With pictures excluded, retype exactly every line from the one containing "Figure 3: Radiograph of master cone #47." to the end of the records below.
*** Opening of Data under study ***
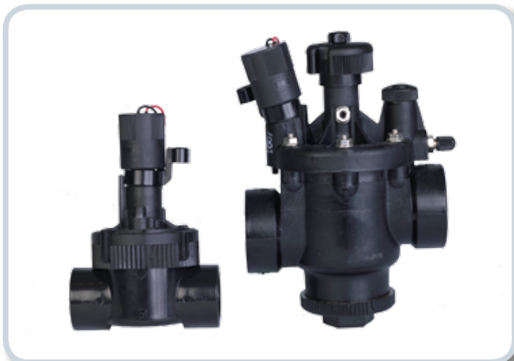
EZ-Flo® and P-220 valves shown with the DCLS-P Latching solenoid which provide cost and labor savings.
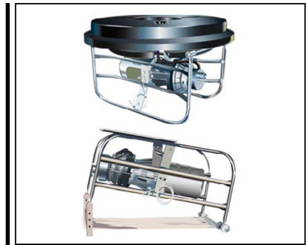
CAD DRAWING: Aspirator Industrial Aerator

ACCEPTABLE MANUFACTURER: This unit shall be an OTTERBINE Aspirator Industrial Aerator manufactured by OTTERBINE BAREBO, INC., 3840 MAIN ROAD EAST, EMMAUS, PA 18049 U.S.A. PH: (610) 965-6018. WEB: www.otterbine.com
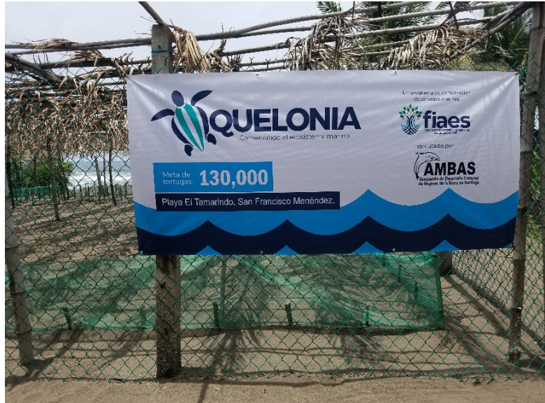
El Tamarindo hatchery construction, July 19, 2019

Building of the Costa Azul hatchery: This hatchery was built completely from scratch. A prior meeting was held with the tortugueros and the local community organization (ADESCO) to identify the optimal site. Finding the ideal place, the hatchery was built. The dimensions are 14 x 15 meters, 210 m 2 , with space for 840 nests inside. The site was completely prepared, the
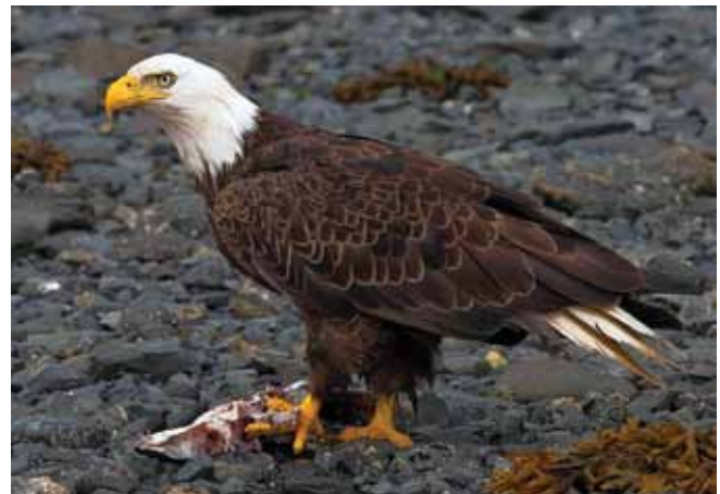
Bald Eagle and salmon.
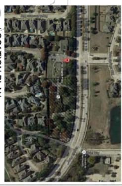
2 LOCATION PLAN SCALE: N.T.S.
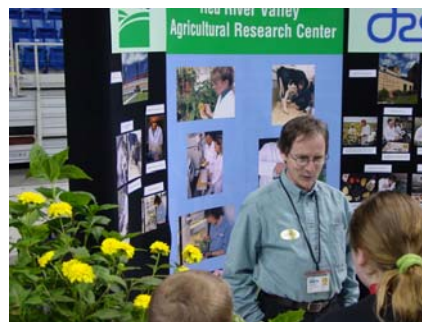
Interacting with the students.
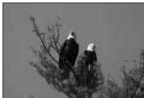
Little Sebago Eagles (8" x 10") $12
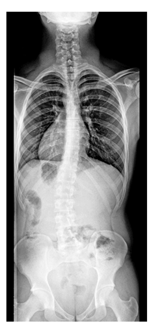
Figure 3. Panoramic radiograph of the total spine showing thoracolumbar sigmoid scoliosis and dextrocardia

In conducting the case, when serial CBC were run posteriorly, the patient presented with a variation in the platelet count (64,000/\mu\text{L}) up to normality range values). Since it was a case of mild thrombocytopenia tending towards a benign course, watchful waiting was
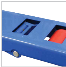
Powder Coated 3mm Metal Thickness Frame
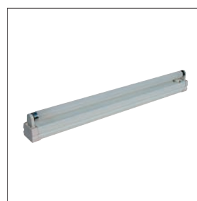
Corp fluorescent tip SS30 EUR 27.00 cu un tub D-170 -A Cod 019.010.190.001
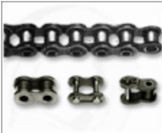
Hollow Pin Chain
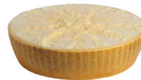
Parmigiano Reggiano 1/2 Wheel

King of cheeses, complex, aged, umami depth.
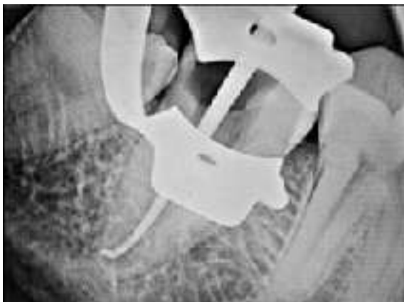
Figure 3: Radiograph of master cone #47.
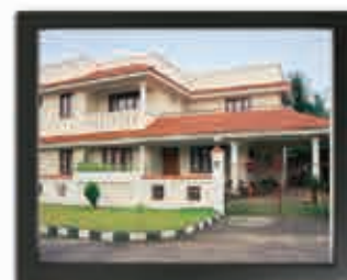
QUEEN'S PARK Keerthi Nagar
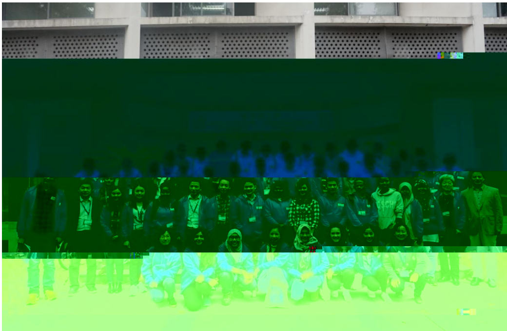
Group photo of 2 nd Marine Scholarship of China exchange program, Dec. 5 to 8, 2016, Zhejiang University
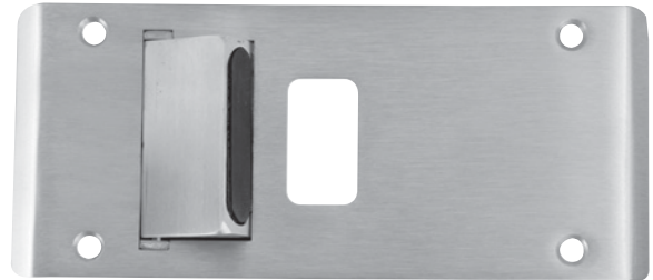
Center Hung Door - Cylindrical Latch CR4591 - 5-3/4" Frame CR4592 - 6-3/4" Frame
*** Close of Data under study ***
# [The answer]
Figure 3: Radiograph of master cone #47.
QUEEN'S PARK Keerthi Nagar
Group photo of 2 nd Marine Scholarship of China exchange program, Dec. 5 to 8, 2016, Zhejiang University
Center Hung Door - Cylindrical Latch CR4591 - 5-3/4" Frame CR4592 - 6-3/4" Frame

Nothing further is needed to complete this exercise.